BENCHMARK ANALYSIS

CVDP Performance Analysis.

ChipCraftX achieves 94.7% functional correctness on NVIDIA's CVDP benchmark across 302 non-agentic problems and 64.1% on 92 agentic problems — the highest reported scores on an open-source evaluation toolchain. On the four CID categories shared with ACE-RTL (NVIDIA, arXiv:2602.10218), ChipCraftX leads on 3 of 4 categories while using 30x fewer generation attempts.

The CVDP Benchmark

The Comprehensive Verilog Design Problems (CVDP) benchmark from NVIDIA (arXiv:2506.14074) contains 649 RTL problems derived from real chip design workflows. Unlike VerilogEval — which tests short, textbook-style snippets — CVDP problems feature specifications averaging 18KB, multiple interacting submodules, and cocotb-based Python testbenches that exercise silicon-realistic edge cases.

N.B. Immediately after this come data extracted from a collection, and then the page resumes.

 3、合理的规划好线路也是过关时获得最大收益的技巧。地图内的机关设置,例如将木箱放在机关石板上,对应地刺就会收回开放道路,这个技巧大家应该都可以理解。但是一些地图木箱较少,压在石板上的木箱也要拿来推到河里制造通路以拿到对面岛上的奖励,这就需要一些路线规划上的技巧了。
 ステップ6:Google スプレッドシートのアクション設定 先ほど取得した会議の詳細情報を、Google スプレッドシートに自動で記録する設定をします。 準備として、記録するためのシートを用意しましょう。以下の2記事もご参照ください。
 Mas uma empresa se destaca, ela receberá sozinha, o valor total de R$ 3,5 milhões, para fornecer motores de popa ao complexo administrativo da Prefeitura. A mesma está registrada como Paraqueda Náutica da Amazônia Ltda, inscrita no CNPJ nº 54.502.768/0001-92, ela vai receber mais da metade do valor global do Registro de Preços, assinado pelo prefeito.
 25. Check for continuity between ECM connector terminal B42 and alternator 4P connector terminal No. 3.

CVDP organizes problems into 8 CID categories spanning code completion, spec-to-RTL generation, code modification, optimization, debugging, testbench generation, and assertion writing.

Evaluation scope

We evaluate the 5 CID categories that use open-source tools (Icarus Verilog + cocotb). Categories cid012 (Testbench Stimulus), cid013 (Testbench Checker), and cid014 (Assertion Generation) require NVIDIA Xcelium and are excluded. All per-CID comparisons with ACE-RTL are on identical problem sets.

Zero prior exposure

ChipCraftBrain had never seen any CVDP problem, specification, or testbench before this evaluation. No fine-tuning, no few-shot examples, no benchmark-specific prompts. These results reflect cold, first-contact performance.

Non-Agentic Results

302 problems across 5 CID categories (easy + medium difficulty). ChipCraftX uses up to 5 iterations with EDA tool feedback — compile errors and simulation results inform each retry.

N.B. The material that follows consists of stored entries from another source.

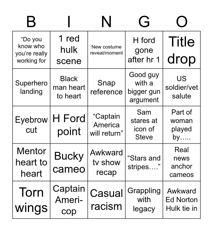 This bingo card has a free space and 29 words: Torn wings, “Well that just happened/are you seeing this” line, H Ford point, Third act politcial commentary, “Do you know who you’re really working for, New costume reveal/moment, Black man heart to heart, Bucky cameo, Sam stares at icon of Steve, Captain Ameri-cop, Part of woman played by….., Awkward Ed Norton Hulk tie in, Casual racism, Grappling with legacy, US soldier/vet salute, Uncomfortable Chadwick boseman shout out, Awkward tv show recap, Mentor heart to heart, Title drop, Eyebrow cut, “Stars and stripes….”, “I’ve never seen anything like this”, Good guy with a bigger gun argument, Superhero landing, H ford gone after hr 1, 1 red hulk scene, Real news anchor cameos, Snap reference and Lampshading no green hulk.
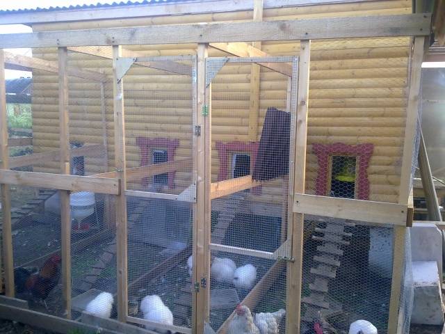 Die bequemste Option ist ein Hühnerstall in der Bar. Es wird nur Nadelholz verwendet, jedoch mit dem richtigen Feuchtigkeitsgehalt. Das Holz sollte nicht vollständig trocken sein, da es noch mehr austrocknet und sich verformt, wodurch Risse entstehen.
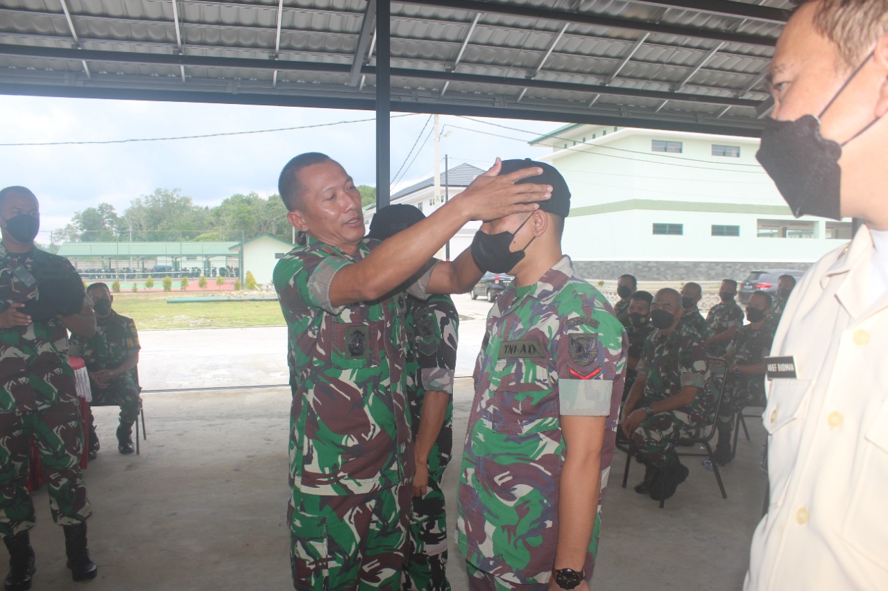 Diakhir makan bersama Brigjen TNI M Jangkung memberikan kenang-kenangan topi kebanggan seragam untuk seluruh prajurit dan PNS Korem 045/Gaya.
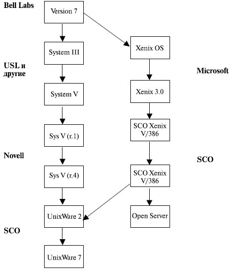Рис. 2.5. Правопреемники исходных текстов UNIX
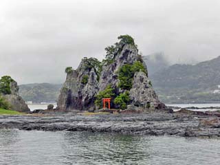 東牟婁郡那智勝浦町の海岸にある小島(岩山)で、島には赤い鳥居の「白蛇弁天」が祀られ、 潮が引くと歩いて島に渡ることもできる。
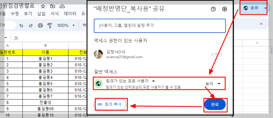 나. 완성된 명렬표 구글스프레드시트를 보기 전용으로 공유한 후, 구글스프레드시트 링크 주소를 복사한다.
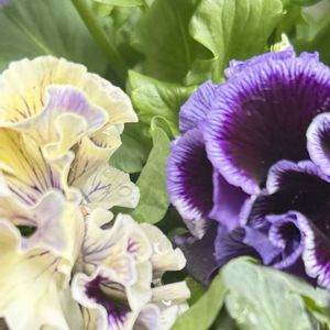 可愛らしいフリル咲きパンジー✨ 花びらに 白い縁取りが入るのが特徴!! やや小ぶりなので ビオラっぽい雰囲気ですね☻

CID	Category	Problems	Pass Rate
cid002	RTL Code Completion	94	93.6%
cid003	Spec-to-RTL Generation	78	96.2%
cid004	RTL Code Modification	55	96.4%
cid007	RTL Optimization	40	97.5%
cid016	Bug Fixing	35	88.6%
	Overall	302	94.7%

By Difficulty

CID	Easy	Medium
cid002	46/48 (95.8%)	42/46 (91.3%)
cid003	41/41 (100.0%)	34/37 (91.9%)
cid004	29/30 (96.7%)	24/25 (96.0%)
cid007	21/22 (95.5%)	18/18 (100.0%)
cid016	20/21 (95.2%)	11/14 (78.6%)

Performance is remarkably consistent across difficulty levels, with medium problems only 3-5pp below easy in most categories. The one exception is cid016 (bug fixing), where medium-difficulty problems drop to 78.6% — these involve subtle timing bugs and multi-signal race conditions that are harder to diagnose from simulation output alone.

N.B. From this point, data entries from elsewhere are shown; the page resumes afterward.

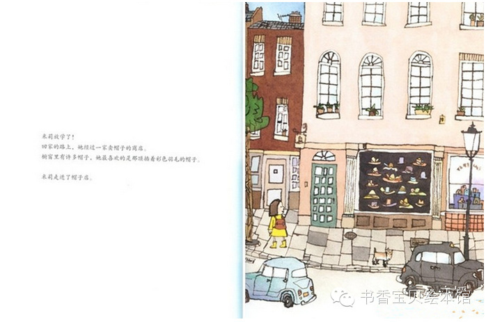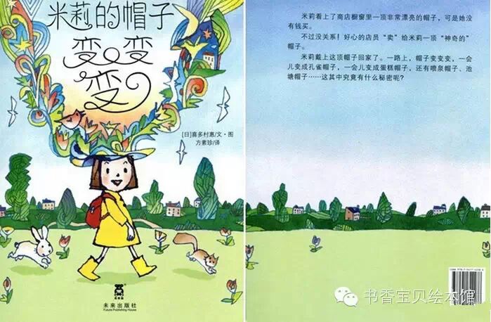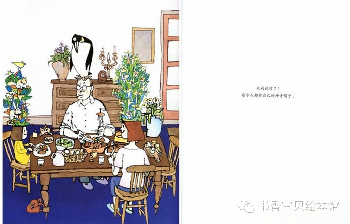 看见爸爸和妈妈的时候,米莉问:“你们喜欢我的帽子吗?”“帽子?”妈妈说,“没有看到啊!”突然,妈妈停了一下,微笑着说“哦!真是一顶很神奇的帽子,我真希望自己也有这样的帽子呢!”米莉:“你有啊!你只要想象,它就会戴在你的头上。”
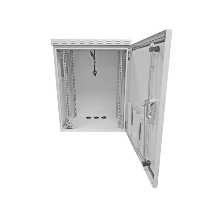 Scoop's CAB-15UO is manufactured from electro-galvanized cold rolled steel and is phosphate & powder-coated to protect against water corrosion. This unit has a solid front door with additional foam rubber padding to ensure a water-and-dust-tight seal when closed. The door's double lock system offers robust security for your outdoor installations.
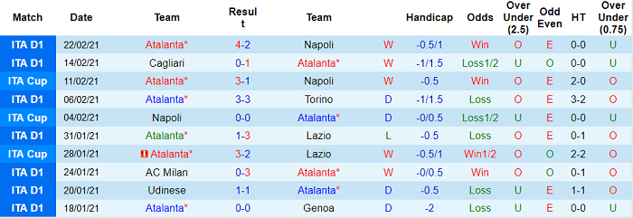 - Thống kê 10 trận gần nhất của Atalanta
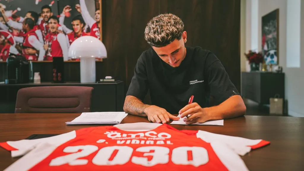 O SC Braga oficializou esta segunda-feira a renovação de contrato de Sandro Vidigal. O novo vínculo é válido até 2030 e inclui uma cláusula de rescisão de 50 milhões de euros, blindando um dos jogadores mais promissores do plantel principal.
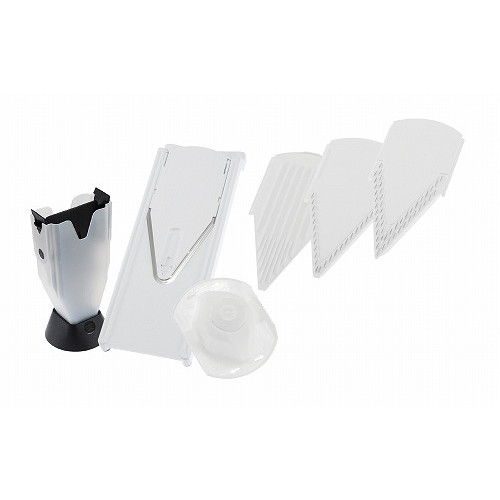 ●セット内容:本体,ブレードガード(裏面は3.5mmスライス部品機能付),安全ホルダー,薄切り厚切り部品(薄切り2mm、厚切り5mm),1.6mm千切り部品、3.5mm千切り部品、ブレードケース外寸(mm)360×125×H85 重量630g
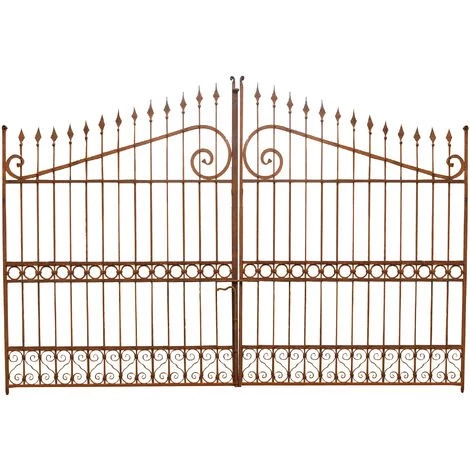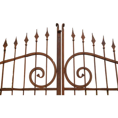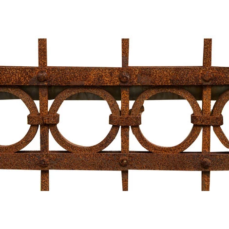 Portrail en fer solide, entièrement forgée à la main. N’est pas traitée, laissé au naturel. Le design rappelle les formes traditionnelles de portes. Taille: L402xPR4xH263 cm
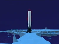 Una torre situada en el borde de una plataforma grande y plana. | Bosque-Hielo Montañas-Hielo |
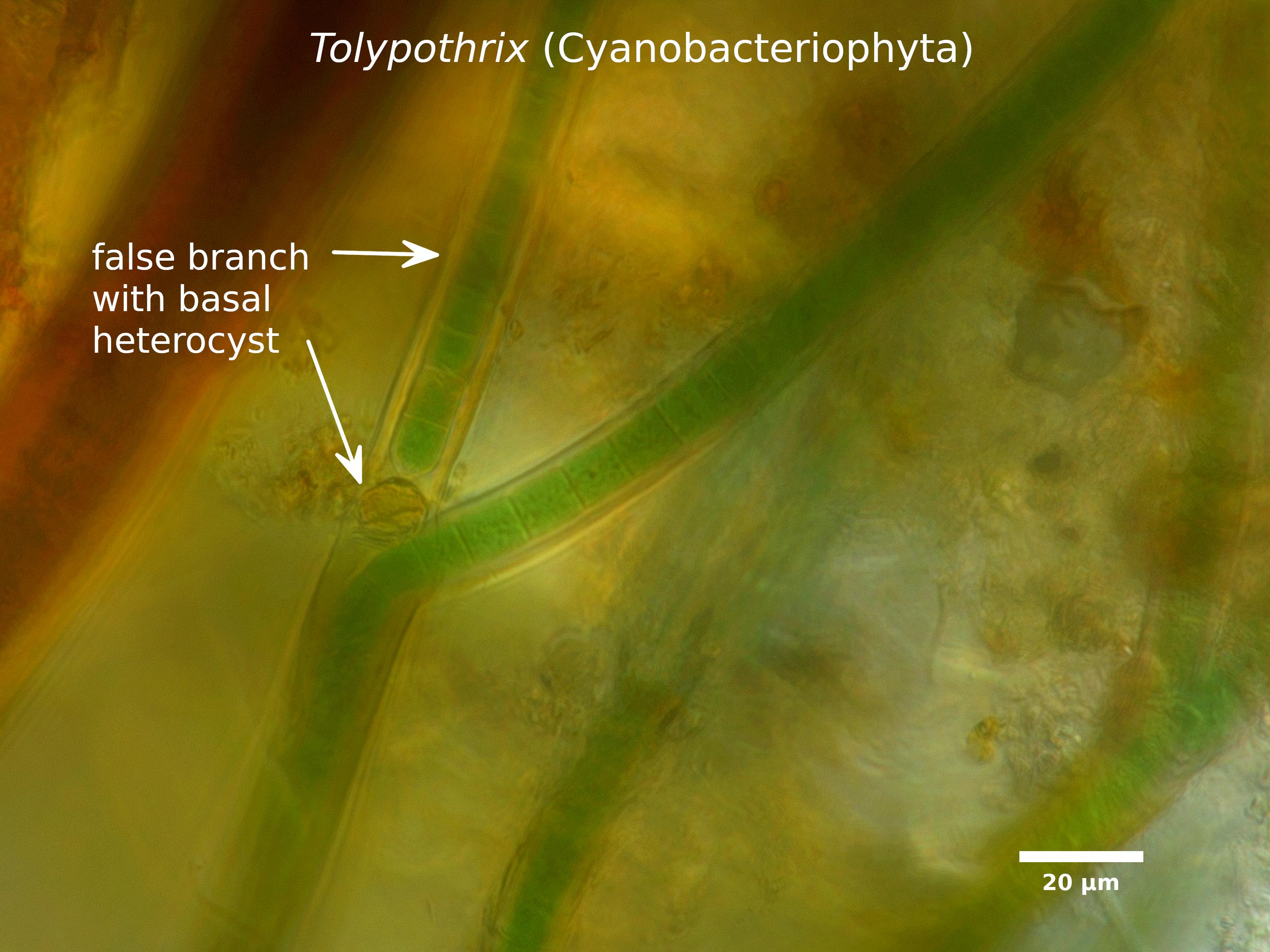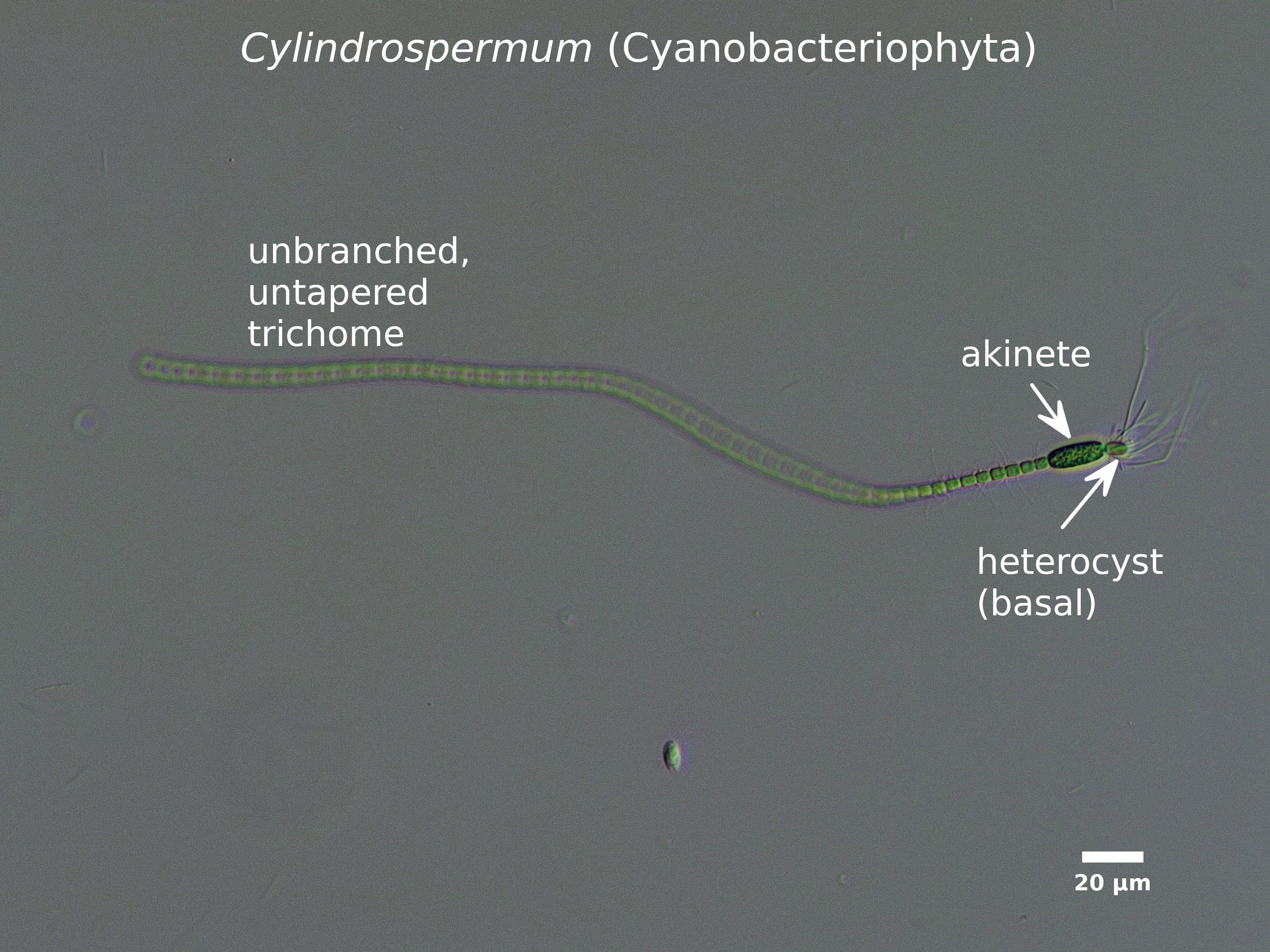 C1. Trichomes with heterocysts (heterocytes) at one or both ends (basal) or along the trichome (intercalary)

87.8% of problems pass on the first attempt (265 of 302). Only 37 problems required retries, and of those, 21 were resolved within 2-4 additional iterations.

Local Open-Model Results

Can the same pipeline run on a fully local, open-weight model instead of the Anthropic API? We evaluated Qwen3.6-35B-A3B-FP8 served by vLLM on two RTX 3090s — identical pipeline configuration, identical cocotb harnesses, zero API calls, zero marginal cost.

CID	Category	Local (Qwen3.6)	Claude Sonnet	Delta
cid002	RTL Code Completion	85.1%	93.6%	−8.5pp
cid003	Spec-to-RTL Generation	94.9%	96.2%	−1.3pp
cid004	RTL Code Modification	78.2%	96.4%	−18.2pp
cid007	RTL Optimization	77.5%	97.5%	−20.0pp
cid016	Bug Fixing	94.3%	88.6%	+5.7pp
	Overall	86.4%	94.7%	−8.3pp

The local model reaches 86.4% at zero marginal cost — 91% of Claude's pass rate, needing ~46% more repair iterations. Two results stand out: Qwen3.6 essentially matches Claude on Spec-to-RTL (94.9% vs 96.2%), the core ChipCraftX use case, and beats Claude on Bug Fixing (94.3% vs 88.6%). The gap concentrates in RTL Modification (−18.2pp) and RTL Optimization (−20.0pp).

Half the gap is pipeline, not model

An agentic root-cause analysis of the 35 problems Qwen failed but Claude passed reveals that only 19 (54%) are genuine model weaknesses — the other 16 (46%) are pipeline/harness/validator artifacts where Qwen's RTL was independently valid. The single largest cluster (8 problems) is a context-extraction regex bug. Correcting pipeline artifacts alone — no model-side work — is projected to lift the local model toward ~91–92%.

Measured vs projected

The leaderboard reports the measured 86.4%. The ~92% projection requires pipeline fixes and re-evaluation — it is an evidence-grounded estimate, not a confirmed result.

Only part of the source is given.